Chery pose ses valises en France. La marque chinoise, fondée en 1997 et forte de plus de 4,5 millions de véhicules vendus dans le monde, officialise son arrivée sur le marché français à l’automne 2026. Les commandes ouvriront le 1er septembre, avec une gamme pensée pour les familles : quatre SUV Tiggo, tous hybrides ou hybrides rechargeables dès le lancement.
AU SOMMAIRE
Une technologie hybride maison, éprouvée dans 30 pays
Chery n’arrive pas les mains vides. La marque s’appuie sur sa technologie CSH (Chery Super Hybrid), développée en 26 ans de recherche et perfectionnée sur cinq générations. L’argumentaire tient en trois points : une autonomie étendue, des performances dynamiques et une isolation acoustique poussée, y compris en mode thermique.
La batterie, certifiée IP68, est garantie 8 ans ou 160 000 km avec un maintien d’au moins 75 % de sa capacité d’origine. Le reste de la gamme bénéficie d’une garantie constructeur de 7 ans ou 150 000 km, complétée par une assistance routière avec Allianz. De quoi rassurer un acheteur encore peu familier de la marque.

Quatre Tiggo pour couvrir l’essentiel des besoins familiaux
La gamme se construit autour de la ligne Tiggo, cœur historique de la marque à l’international.

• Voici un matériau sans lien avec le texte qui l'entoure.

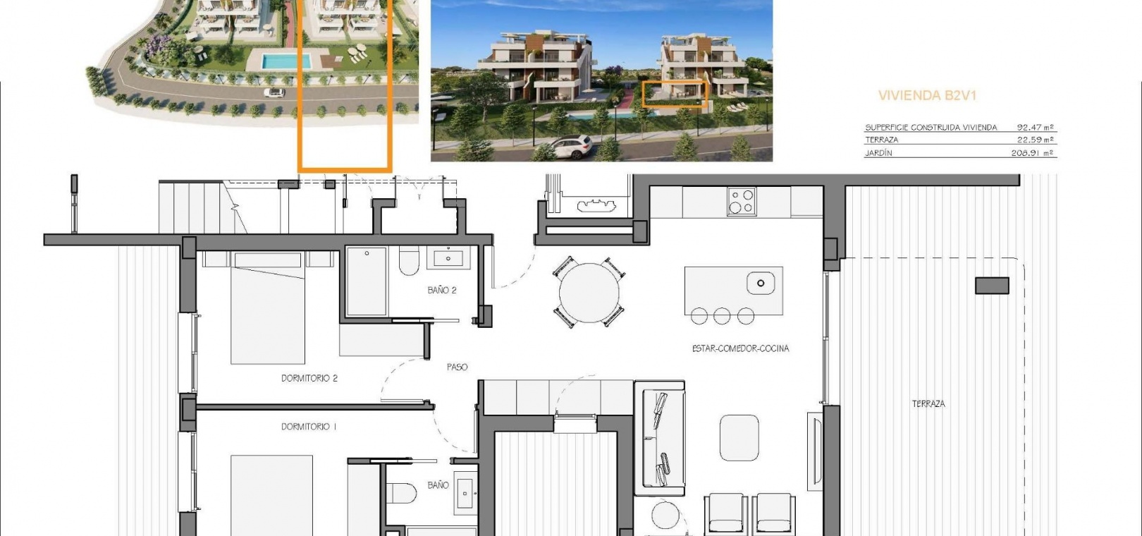 Die Wohnanlage besteht aus kleinen Bauabschnitten mit nur 2 Blöcken mit jeweils 6 Wohnungen, was Privatsphäre und eine gemütliche Atmosphäre garantiert. Alle Apartments verfügen über 2 Schlafzimmer und 2 Badezimmer sowie große Terrassen. Sie haben die Wahl zwischen:

Le Tiggo 4 Hybride (B-SUV, 4,32 m) vise les trajets urbains et périurbains, avec une date de commande encore à confirmer.
Le Tiggo 7 (C-SUV, 4,55 m) se décline en deux motorisations, hybride simple et hybride rechargeable, pour couvrir aussi bien les usages quotidiens que les longs trajets à moindre coût. Le Tiggo 8 (4,72 m), lui, mise sur ses 7 places et sa seule motorisation PHEV pour se positionner comme l’offre familiale la plus généreuse en espace.
La déferlante chinoise s’accentue
L’arrivée de Chery n’est pas un cas isolé. Le marché français voit depuis plusieurs mois affluer les marques chinoises, et le mouvement s’accentue plutôt qu’il ne ralentit. Nous avions détaillé cette montée en puissance et les repères à connaître pour s’y retrouver dans notre article consacré aux marques chinoises installées en France.
Chery n’est d’ailleurs pas totalement inconnue des Français. Le groupe est déjà présent via sa marque sœur Jaecoo, dont le modèle 7 hybride nous avait plutôt convaincus lors de notre essai. Nous avions détaillé nos impressions sur le Jaecoo 7 hybride ici. L’arrivée de Chery vient donc compléter une offre déjà amorcée, plutôt que l’inaugurer.
Un réseau de plus de 50 points de vente au lancement
Chery mise sur la proximité pour convaincre. Plus de 50 points de vente et réparateurs agréés seront opérationnels dès le 1er septembre, avec un objectif de plus de 90 sites d’ici la fin de l’année 2026. Un centre de pièces détachées basé en France, en partenariat avec DHL Supply Chain, doit permettre d’approvisionner l’ensemble du réseau dès le lancement commercial.
La filiale française est dirigée par Shaobo Wang, sous la responsabilité de Lionel French Keogh, directeur opérationnel du groupe Chery en France (également en charge d’Omoda et Jaecoo dans l’Hexagone).
Face à la concurrence
Sur le segment des C-SUV hybrides, le Tiggo 7 devra se frotter à des références bien installées : le Nissan Qashqai e-Power, le Dacia Bigster hybride (nettement moins cher) et le MG HS, autre transfuge chinois déjà présent depuis plusieurs années. Le BYD Seal U, également hybride rechargeable, se positionne comme un concurrent direct sur ce même terrain du « hybride abordable ».
Sur le format 7 places, le Tiggo 8 vise notamment le Peugeot 5008 et le Skoda Kodiaq, deux références du segment vendues nettement plus cher en configuration hybride rechargeable. C’est justement sur l’argument du prix que Chery entend se démarquer, plutôt que sur la nouveauté technologique.
Les tarifs précis n’ont pas encore été communiqués. Ils devraient être dévoilés à l’approche de l’ouverture des commandes, le 1er septembre. En attendant, le communiqué complet et les premières informations sont disponibles sur le site du groupe Omoda & Jaecoo France, qui porte pour l’instant la présence commerciale du groupe Chery dans l’Hexagone.